What is being asked: Transcribe all of the data verbatim, please, and leave out its pictures.

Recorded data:
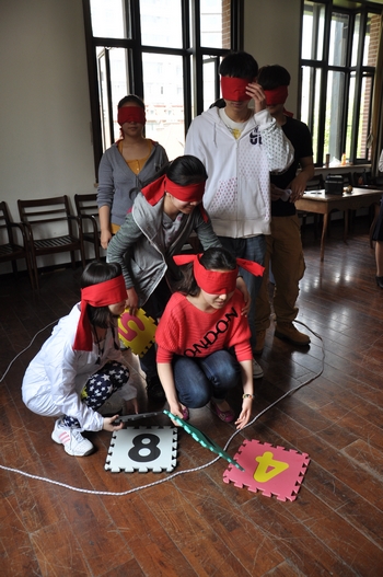 接下来的游戏将同学们分为三个区,分别代表盲人岛、哑巴岛以及珍珠岛(健全岛)。要求同学们在完成各自任务的同时全部以限定方式到达珍珠岛。其间同学们相互信任、共同合作。“盲人”与“哑巴”们通过自己的努力,克服重重困难终于顺利抵达珍珠岛,重获声音与光明。在历时40分钟的游戏后,同学们感想颇多,摸索到游戏的寓意:珍珠岛上的人们代表当今社会的领导高层,而盲人岛与哑人岛则代表中低层社会中那些盲目以及敢怒不敢言的普通大众。有同学抱怨说,“如果健全岛的人一开始就下来帮助和领导他们,那这个游戏时间将减少一半。”但健全岛上的人们虽然积极的规划蓝图、攻解一道没有意义的数学难题,却没有给予其他两个岛的“弱势群体”力所能及的帮助。健全岛的同学终在游戏后幡然醒悟,明白这个游戏的真正含义。
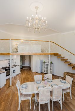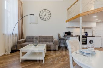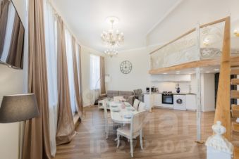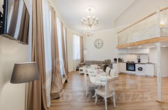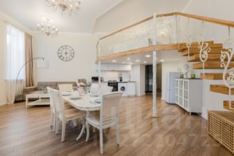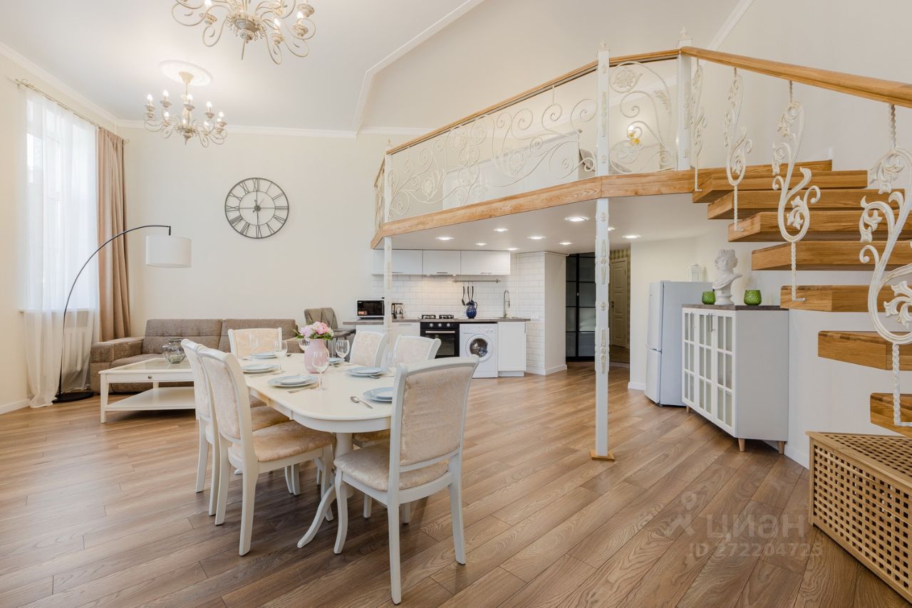 Стильная и уютная двухуровневая квартира с балконом расположена в историческом центре Петербурга, напротив театра Ленсовета.
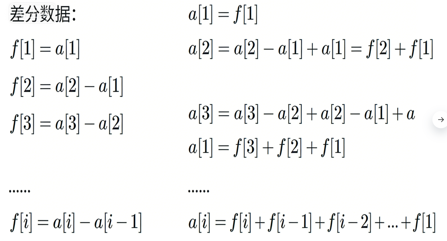 由差分数组的定义得: 原数组a 中的每⼀项:
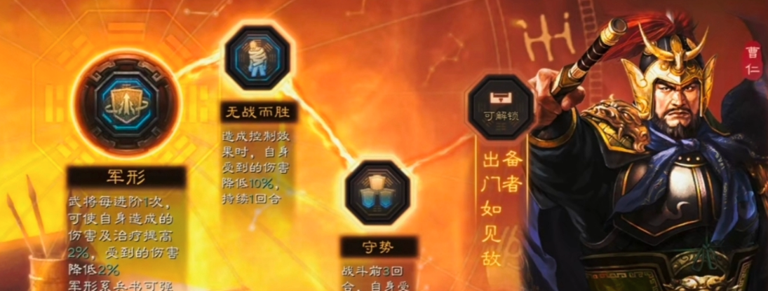 作为防御型武将,曹仁的兵种选择必须围绕其战法特性展开。固若金汤战法赋予其洞察状态和全体嘲讽能力,配合统率提升效果,使盾兵形态下的曹仁能有效吸收大量伤害。骑兵形态虽然移动速度更快,但会削弱防御能力;枪兵形态则更适合特定阵容搭配,需要根据战场环境灵活调整。在实际应用中,盾兵曹仁能稳定保护后排输出,为团队创造安全的输出环境。
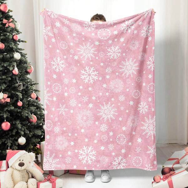 1Pc Snowflake Pink Christmas Blanket, Christmas Modern College Style Flannel Soft Blanket 130×150Cm/150×200Cm, Suitable For Winter Christmas Party Gifts, Bed/Sofa/Bedroom/Dormitory/Girls/Children
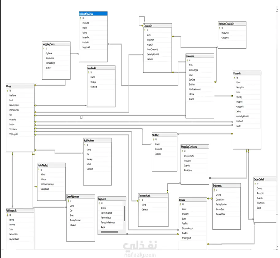 تحليل وتصميم الهيكلة: رسم المخطط الهيكلي لقاعدة البيانات (ERD - Entity Relationship Diagram) لتوضيح الجداول والعلاقات بينها بشكل منطقي.
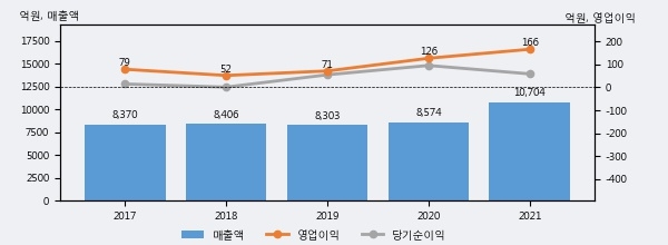 최근 실적을 살펴보면 2021년 매출액이 최근 5년 중 가장 높은 실적을 기록했음을 알 수 있다. 이전 최고 실적이었던 2020년 보다도 24.8%(2129억 6천만원) 늘어난 것으로 나타났다.
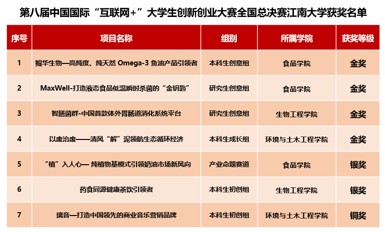 日前,第八届中国国际“互联网+”大学生创新创业大赛全国总决赛胜利落下帷幕。经过激烈角逐,我校在大赛中斩获金奖4项、银奖2项、铜奖1项,金奖总数并列全国第12、全省第4,创造了我校在该项赛事中的历史最好成绩。本次大赛,学校实现多个突破,首次实现3个金奖项目以小组第一入围全国四强争夺赛,首次实现在校本科生、硕士生、博士生和毕业校友同时获金奖,首次实现产业赛道项目入围总决赛。

Task answer:
 接下来的游戏将同学们分为三个区,分别代表盲人岛、哑巴岛以及珍珠岛(健全岛)。要求同学们在完成各自任务的同时全部以限定方式到达珍珠岛。其间同学们相互信任、共同合作。“盲人”与“哑巴”们通过自己的努力,克服重重困难终于顺利抵达珍珠岛,重获声音与光明。在历时40分钟的游戏后,同学们感想颇多,摸索到游戏的寓意:珍珠岛上的人们代表当今社会的领导高层,而盲人岛与哑人岛则代表中低层社会中那些盲目以及敢怒不敢言的普通大众。有同学抱怨说,“如果健全岛的人一开始就下来帮助和领导他们,那这个游戏时间将减少一半。”但健全岛上的人们虽然积极的规划蓝图、攻解一道没有意义的数学难题,却没有给予其他两个岛的“弱势群体”力所能及的帮助。健全岛的同学终在游戏后幡然醒悟,明白这个游戏的真正含义。
 Стильная и уютная двухуровневая квартира с балконом расположена в историческом центре Петербурга, напротив театра Ленсовета.
 由差分数组的定义得: 原数组a 中的每⼀项:
 作为防御型武将,曹仁的兵种选择必须围绕其战法特性展开。固若金汤战法赋予其洞察状态和全体嘲讽能力,配合统率提升效果,使盾兵形态下的曹仁能有效吸收大量伤害。骑兵形态虽然移动速度更快,但会削弱防御能力;枪兵形态则更适合特定阵容搭配,需要根据战场环境灵活调整。在实际应用中,盾兵曹仁能稳定保护后排输出,为团队创造安全的输出环境。
 1Pc Snowflake Pink Christmas Blanket, Christmas Modern College Style Flannel Soft Blanket 130×150Cm/150×200Cm, Suitable For Winter Christmas Party Gifts, Bed/Sofa/Bedroom/Dormitory/Girls/Children
 تحليل وتصميم الهيكلة: رسم المخطط الهيكلي لقاعدة البيانات (ERD - Entity Relationship Diagram) لتوضيح الجداول والعلاقات بينها بشكل منطقي.
 최근 실적을 살펴보면 2021년 매출액이 최근 5년 중 가장 높은 실적을 기록했음을 알 수 있다. 이전 최고 실적이었던 2020년 보다도 24.8%(2129억 6천만원) 늘어난 것으로 나타났다.
 日前,第八届中国国际“互联网+”大学生创新创业大赛全国总决赛胜利落下帷幕。经过激烈角逐,我校在大赛中斩获金奖4项、银奖2项、铜奖1项,金奖总数并列全国第12、全省第4,创造了我校在该项赛事中的历史最好成绩。本次大赛,学校实现多个突破,首次实现3个金奖项目以小组第一入围全国四强争夺赛,首次实现在校本科生、硕士生、博士生和毕业校友同时获金奖,首次实现产业赛道项目入围总决赛。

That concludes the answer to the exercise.